Links for February 19-25, 2023 | Americans in most states support legal abortions; New graphs for showing polling uncertainty at PBS; And evidence of economic voting from the 1790s
These fuzzy bars need more fuzz!
Happy Saturday, all
This is my weekly post for paid subscribers discussing recent uses of political data that I think are interesting and worth discussing. Comments are welcome below — and if you enjoy this, please share it with a friend!
1. A supermajority of adults, including 40% of Republicans, want abortion to be legal in most or all cases
The Supreme Court’s reversal of Roe v Wade last summer has turned into one of the biggest political liabilities of recent memory. For instance, according to the exit poll, abortion was the most important issue among Pennsylvania voters during last year’s midterm elections — and voters in the state were significantly more pro-Democratic than expected. In the exit poll, over 60% of PA voters said abortion should mostly be legal.
This week, a new poll from the nonprofit Public Religion Research Institute (PRRI) shows that voters in most states feel similarly. According to their survey 65% of Americans, including 87% of Democrats and 37% of Republicans, agree that “abortion should be legal in all or most cases.” In contrast, 7% of all adults (14% of Republicans and 3% of Democrats) think the procedure should be illegal in all cases. That marks a substantial increase in support of legal abortion rights among Republicans.
PRRI’s massive survey also lets researchers break support for abortion down by state. They write:
Majorities of residents in 43 states and the District of Columbia say that abortion should be legal in most or all cases, and in 13 of those states and in DC, more than seven in ten residents support legal abortion. There are only seven states in which less than half of residents say abortion should be legal in most or all cases: South Dakota (42%), Utah (42%), Arkansas (43%), Oklahoma (45%), Idaho (49%), Mississippi (49%), and Tennessee (49%). Residents of nearly all states have become more likely to say abortion should be legal in most or all cases since PRRI’s last state-level data analysis, in 2018.
And here’s the chart:
Notably, there is not a majority in favor of overturning Roe v Wade in any state:
Ahead of the 2024 presidential primary and general election, it is worth taking stock of which Americans say they will only vote for a candidate who shares their opinion on abortion.
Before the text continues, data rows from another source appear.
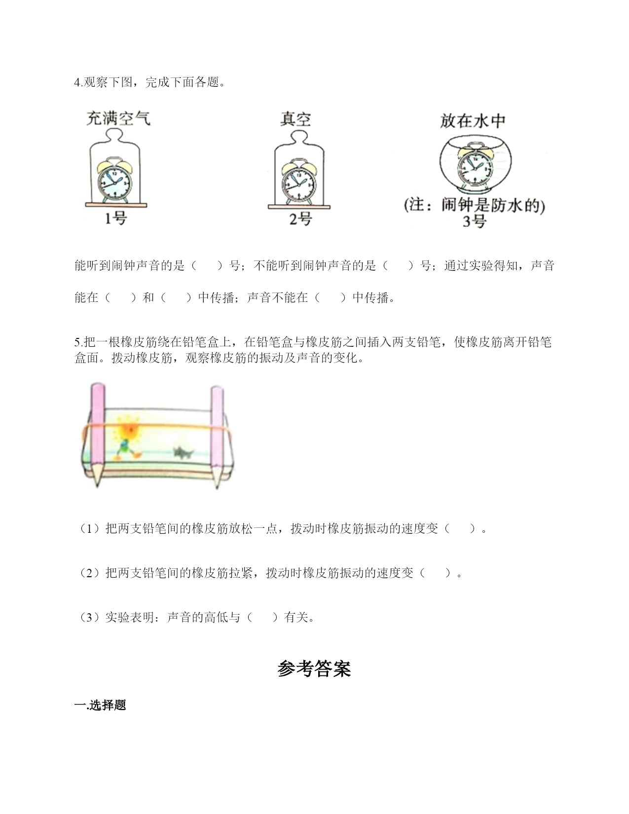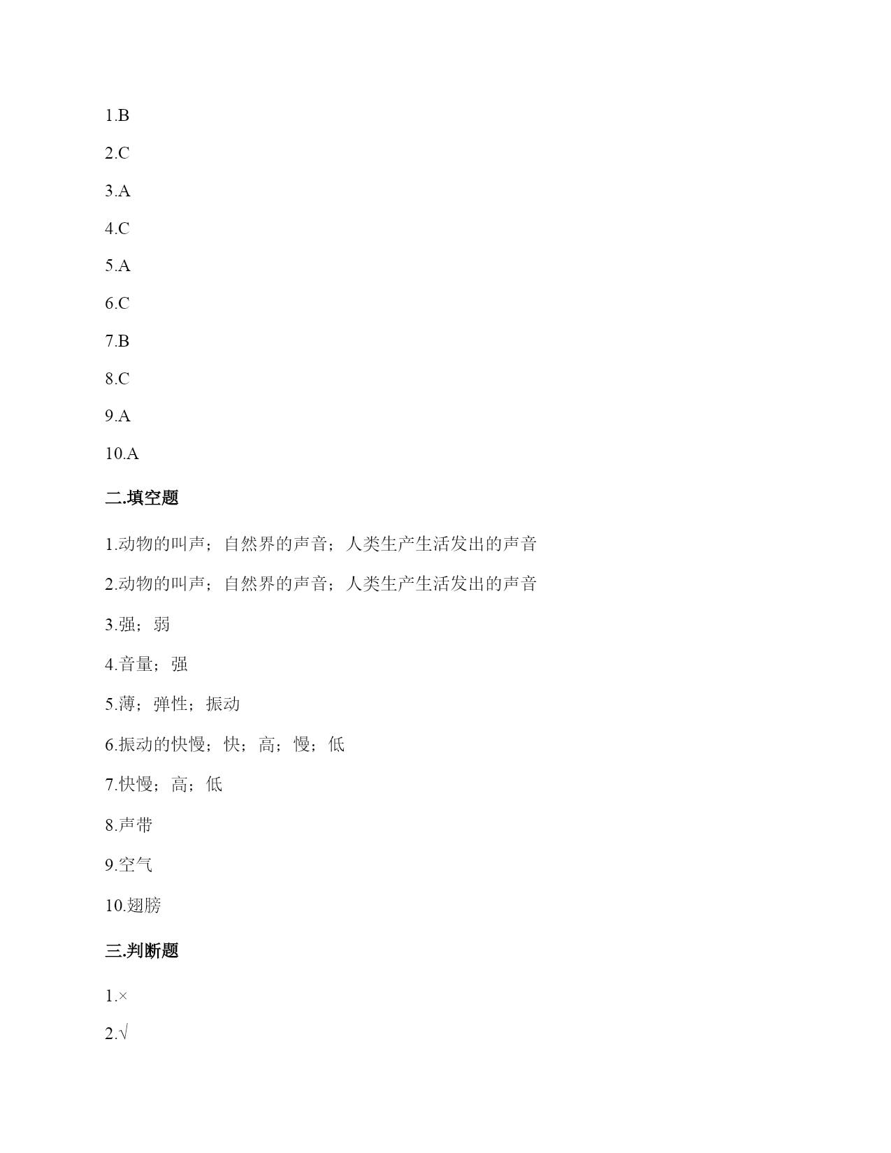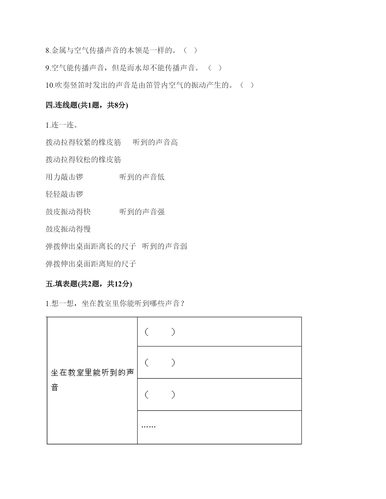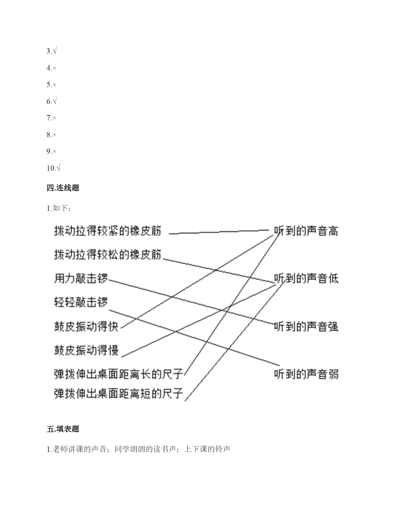 小学科学《声音》练习题一.选择题(共10题,共20分)1.声音的高低是由物体振动的()决定的。A.快慢B.幅度C.是否振动2.下面对“昨晚雷声很大”的描述错误的是()。A.雷声是通过空气传播而来的B.雷声很大,说明音量很强C.我们听到雷声是因为耳道中听小骨振动产生的3.我们把手放在耳廓后面,是为了()。A.扩大耳廓听得更清楚B.控制声音进入耳朵C.为了好看4.写字的声音可以通过()传播到紧贴在桌面上的耳朵里。A.纸B.笔C.桌面5.一般情况下,成年女子的声带比成年男子的短,振动速度快,这说明()。A.女子音高比男子高B.女子音高比男子低C.女子音量比男子高6.耳廓的作用是()。A.将声波转化为振动B.将听觉信号传递到大脑C.收集声音7.关于声音,下面说法正确的是()。A.人说话是靠舌头振动发声的B.一切发声物体都在振动C.只要物体在振动,我们人耳就能听到声音8.下面几种做法中,()不能发出声音。A.敲击鼓面B.弹奏钢琴C.按压皮筋9.流水的声音是由()产生的。A.水的振动B.声带的振动C.岩石的振动10.要让正在发声的锣立刻停止发声,应该()。A.立刻用手捂住锣,使锣面不再振动B.停止敲击C.用手捂住锣槌二.填空题(共10题,共48分)1.根据声音的产生可分为:()、()和()三大类。2.我们周围的声音可以分为()、()和()三种。3.用不同的力量拨动橡皮筋时,橡皮筋能发出强弱不同的声音。当橡皮筋拉得一样长短时,用力拨动橡皮筋,声音();轻轻拨动橡皮筋,声音()。4.声音的强弱可以用()来描述。振动幅度越大,声音越()。5.鼓膜很()而且有(),即使是轻微的声音,它都会产生()。6.声音的高低与物体()有关。物体振动得越(),发出的声音越();物体振动得越(),发出的声音越()。7.音调是由物体振动的()决定的。同一物体,振动越快,音调越();振动越慢,音调越()。8.在我们的周围,声音无处不在。我们的喉咙有一个能发出声音、控制自如的器官是()。9.()是传播声音的重要物质,在真空的环境中不能传播声音。10.蚊子发出的“嗡嗡”声是由()振动产生的。三.判断题(共10题,共20分)1.夜晚,正在睡觉的小明被倾盆大雨声吵醒了,吵醒小明的声音是由人类活动产生的。()2.音乐家贝多芬失聪后,用木棒“听”音乐,这说明了木棒也能传播声音。()3.我们改变电视机的音量时,改变的是声音的强弱。()4.声音的高低与声音的强弱其实是一回事。()5.声音能在固体、液体、气体中传播,气体传播声的能力最强。()6.固体、液体、气体都能传播声音。()7.在水中敲击音叉,音叉不会发出声音。()8.金属与空气传播声音的本领是一样的。()9.空气能传播声音,但是而水却不能传播声音。()10.吹奏竖笛时发出的声音是由笛管内空气的振动产生的。()四.连线题(共1题,共8分)1.连一连。拨动拉得较紧的橡皮筋听到的声音高拨动拉得较松的橡皮筋用力敲击锣听到的声音低轻轻敲击锣鼓皮振动得快听到的声音强鼓皮振动得慢弹拨伸出桌面距离长的尺子听到的声音弱弹拨伸出桌面距离短的尺子五.填表题(共2题,共12分)1.想一想,坐在教室里你能听到哪些声音?2.观察物体是否发声。六.简答题(共5题,共27分)1.同根弦发出的声音高低变化的规律是什么?2.物体振动的幅度与声音的强弱有什么关系?3.二胡有两根弦,空弦拉的时候,发出的声音有高有低,这是为什么?4.编钟上悬挂的是铜器。用木槌击打铜器。请你判断铜器发出的声音有什么不同?5.想一想,上课时坐在教室里能听到哪些声音?坐在教室里能听到的声音有?七.材料题(共3题,共19分)1.写出下图各部分的名称。2.小明有3根长短相同,粗细不同的钢管,小丽说:“我可以闭上眼睛,只通过用相同的力敲击钢管就可以判断它们的粗细。”请解释其中的原理。3.用三个塑料袋分别装上沙子、水和空气封口,将三个塑料袋分别放在桌子上,一只耳朵轻轻地贴在塑料袋上,捂住另一只耳朵。在距离一臂远处,用铅笔上的橡皮轻轻敲击桌面。请分析隔着哪个塑料袋听到的声音效果好,并试着排序。八.综合题(共5题,共34分)1.如图,用一个模拟鼓膜振动的装置,探究声音远近和“鼓膜”振动的关系。具体做法是:把气球皮包在口杯的杯口处并用橡皮筋扎紧,再把碎纸屑放在气球皮上,用音叉在“鼓膜”上方制造远近不同的声音,观察比较气球皮和碎纸屑发声时的特点。(1)填表。(2)这是一个探究声音远近和“鼓膜”振动关系的()实验,在实验中,()相当于耳朵中的()。(3)我的发现:音叉在近处发声时,“鼓膜”振动()(选填“幅度大”或“幅度小”),听到的声音()(选填“
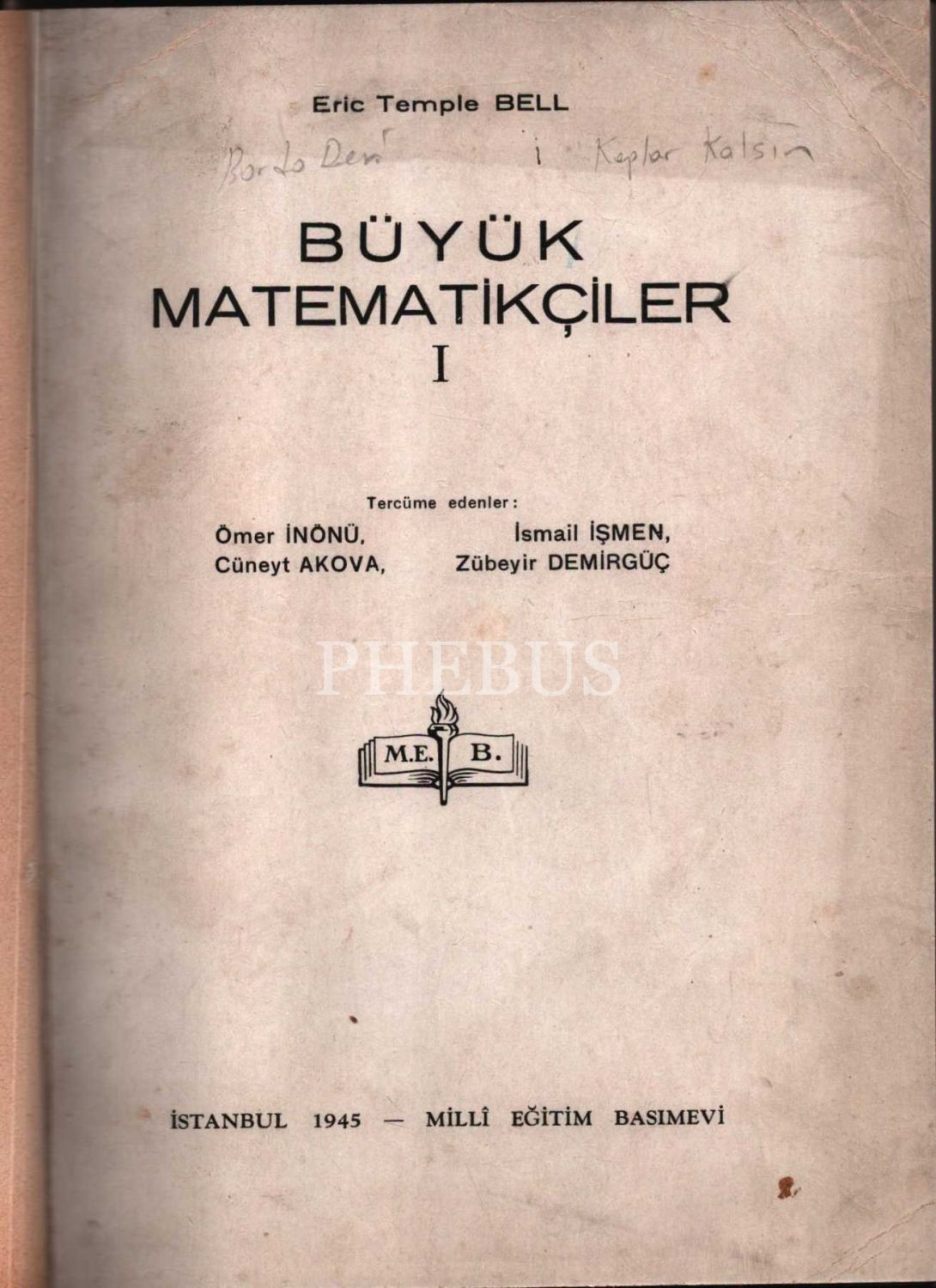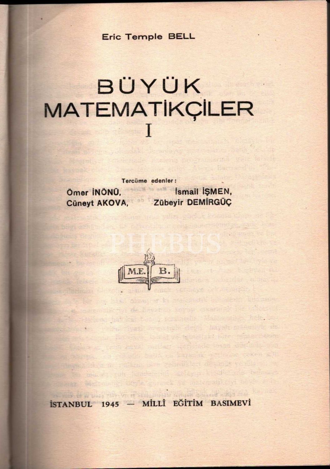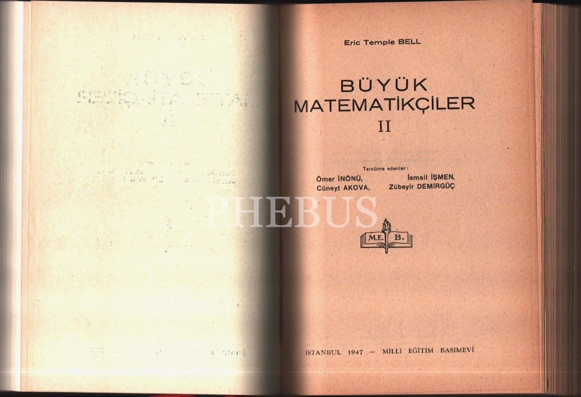 Tercüme edenlerden Erdal İnönü´ye ithaflı ve imzalı BÜYÜK MATEMATİKÇİLER (Cilt I-II), Eric Temple Bell, Millî Eğitim Basımevi, İstanbul - 1945, 281+282 sayfa, 17x24 cm
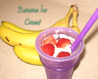 And there you have it......Banana Ice Cream! We put strawberries on ours and mixed them in and it was so yummy and the kids loved it! They thought it was real ice cream!
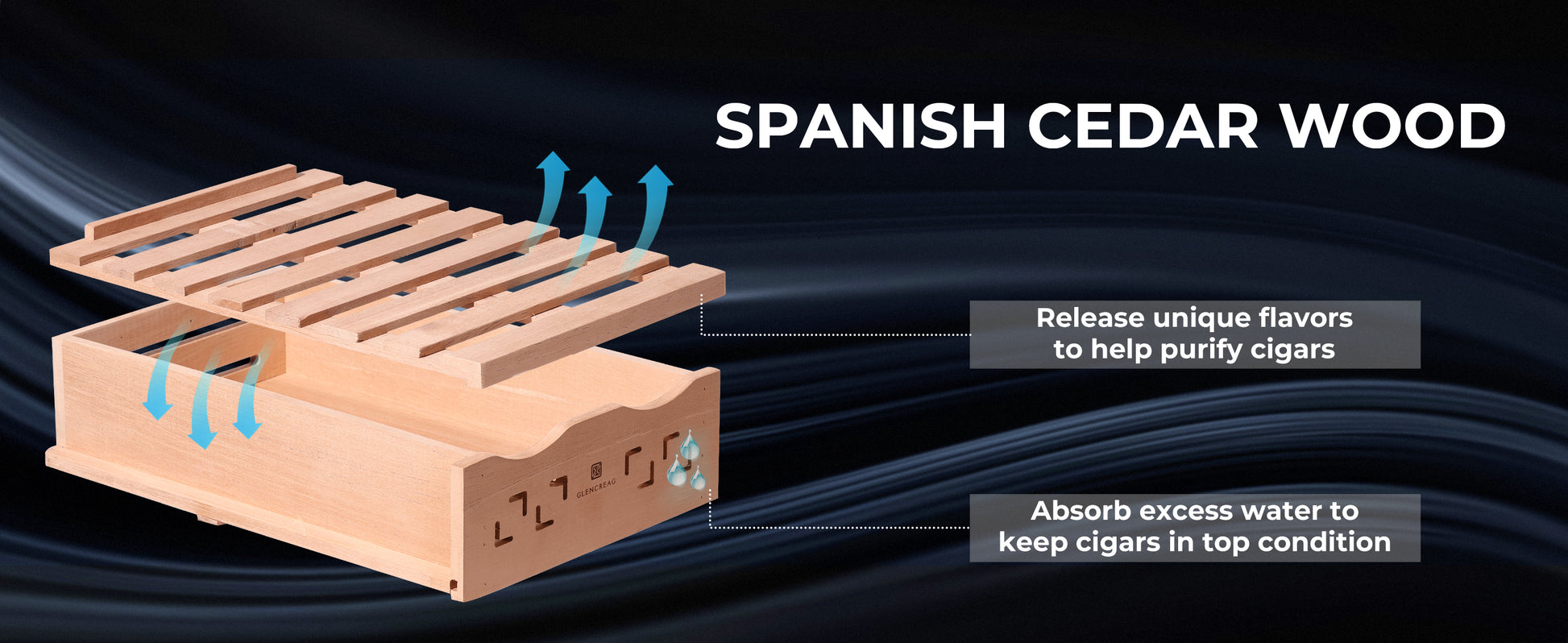 No, the amber LED lighting is low-heat and designed not to emit UV rays, ensuring it won’t affect your cigars’ condition or flavor.
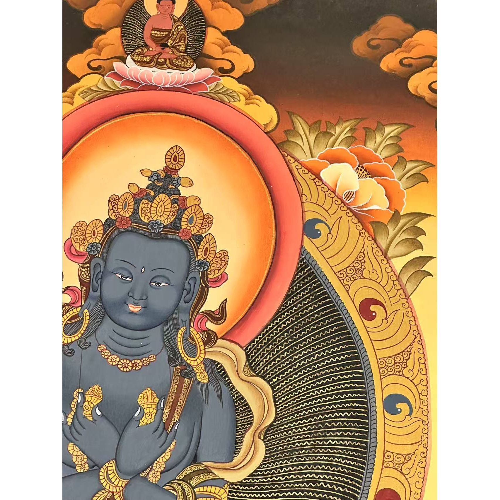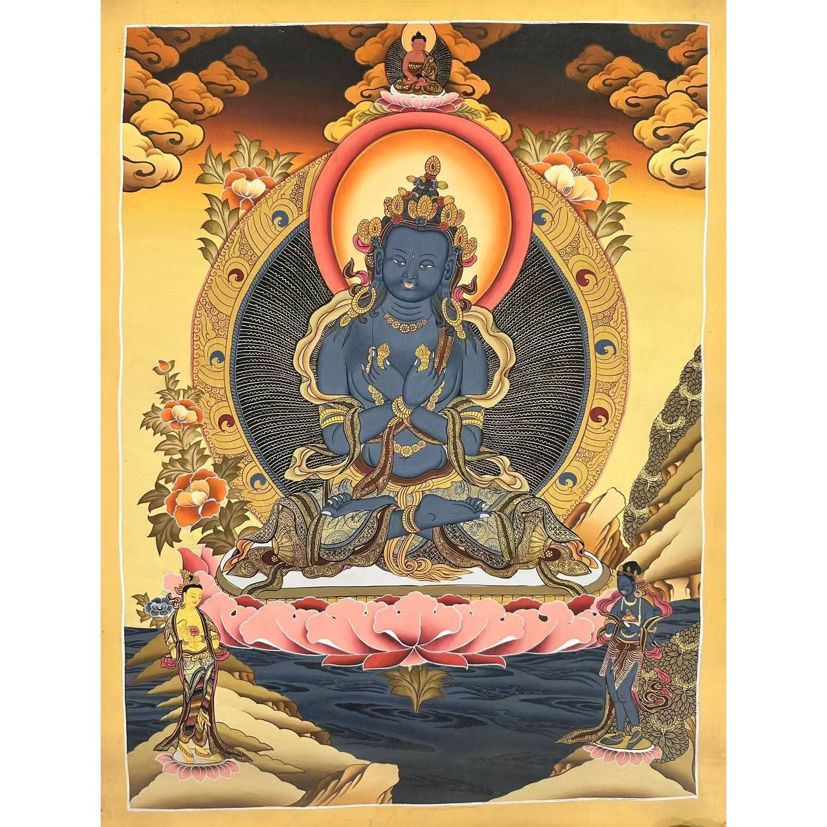 A Powerful Symbol of Vajrayana Buddhism The Vajradhara Thangka invites the powerful transformative energy of Vajradhara into your home, encouraging spiritual development and personal transformation. Whether used for meditation or as an inspirational wall hanging, it represents the ultimate victory over ignorance and suffering, guiding you towards enlightenment.
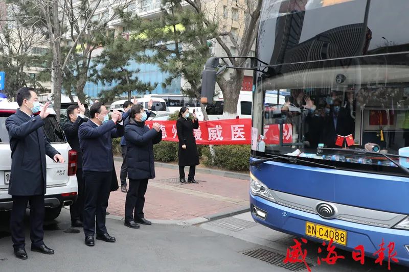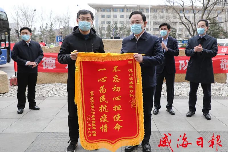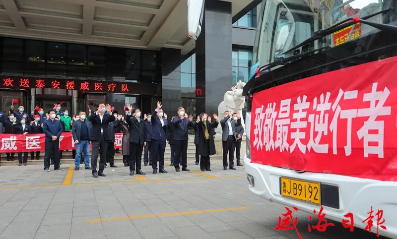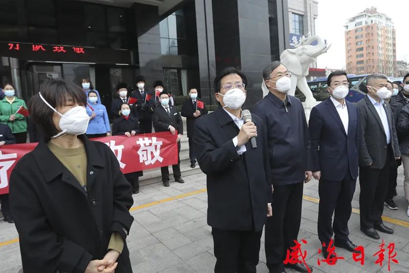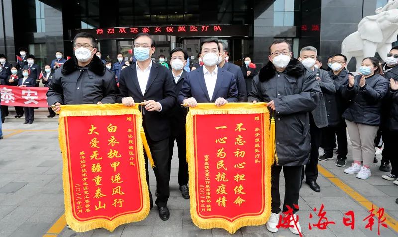 白衣执甲,不负重托;感恩逆行,致敬英雄!经过13天的携手攻坚,3月21日下午,驰援威海的省和兄弟市医疗队圆满完成各项任务,光荣返程。我市在援威医疗队各驻地举行欢送仪式,向白衣战士们致以最崇高的敬意和最诚挚的感谢。副省长孙继业,省政府副秘书长崔建海,省卫生健康委党组副书记、省疾控中心党委书记马立新,市领导张海波、闫剑波、李建等分别参加了泰安和德州援威医疗队欢送仪式。

According to the PRRI data, 30% of Republicans who think abortion should be illegal in most or all cases say candidates must pass the same litmus test; 34% of pro-choice Democrats, on the other hand, say the same thing. Changes here since 2020 are interesting: As federal abortion policy has become more restrictive and the status quo more unpopular, fewer Republicans place a priority on candidates sharing their values:
This is an important report. Abortion policy in America is not set nationally. Most national polls of adults are thus of limited utility. Measures of state-level opinion are crucial for analysts gauging how the issue will shape politics and elections in the future.
2. Americans want a debt-ceiling compromise (and I want more of these PBS/NPR poll charts)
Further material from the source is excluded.